On Kurfirst’s new album, Daniel Carter plays trumpet and winds, with Damon Banks on bass, otherwise the group is the same. A handful of the tunes have samples from mystic and author Alan Watts, reflecting Kurfirst’s longstanding meditation practice and interest in spirituality. The opening number, Peace In is set to a catchy, syncopated piano-and-synth backdrop by Fima Chupakhin, with a voiceover ending with Watts’ observation that “The godhead is never an object of its own knowledge.” What’s your take on that?
A gently churning drums-and-tabla piece sets up the delicately qawwali-tinged Meditation Groove, with balmy Rhodes by Marcelo and trumpet from Carter: Silent Way Miles with delicate Indian tinges. This sets the stage for much of the rest of the album.
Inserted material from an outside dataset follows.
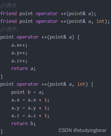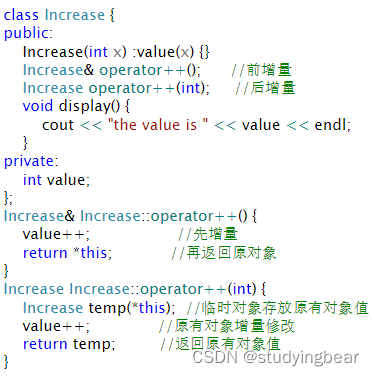 重载为类成员函数时 参数个数=原操作数个数-1 (后置++、--除外)

The lingering, Bob Belden-esque nocturnal ambience continues, Carter beginning on flute and then switching back to muted trumpet in Birth Beats 1, set against Marcelo’s saturnine glimmer.
Banks’ catchy, loopy trebly chromatic riffage anchors Ghost Killers as Kurfirst and Samlal circle around an artfully orchestrated series of crescendos from Marcelo’s Rhodes while Carter raises the anxious ante with his sax. Dreamscape is aptly titled: with the hypnotic tabla, Kurfirst’s elegant brushwork and Carter’s balmy sax, it could be a Bill Withers backing track.
Kurfirst follows the trippy, shamanic drumscape Two Chants with Not Yet, Carter’s modal sax floating uneasily over Banks’ tightly clustering, catchy bass variations and Marcelo’s spare, atmospheric lines. The group bring the album full circle with a benedictory full-band version of the opening number.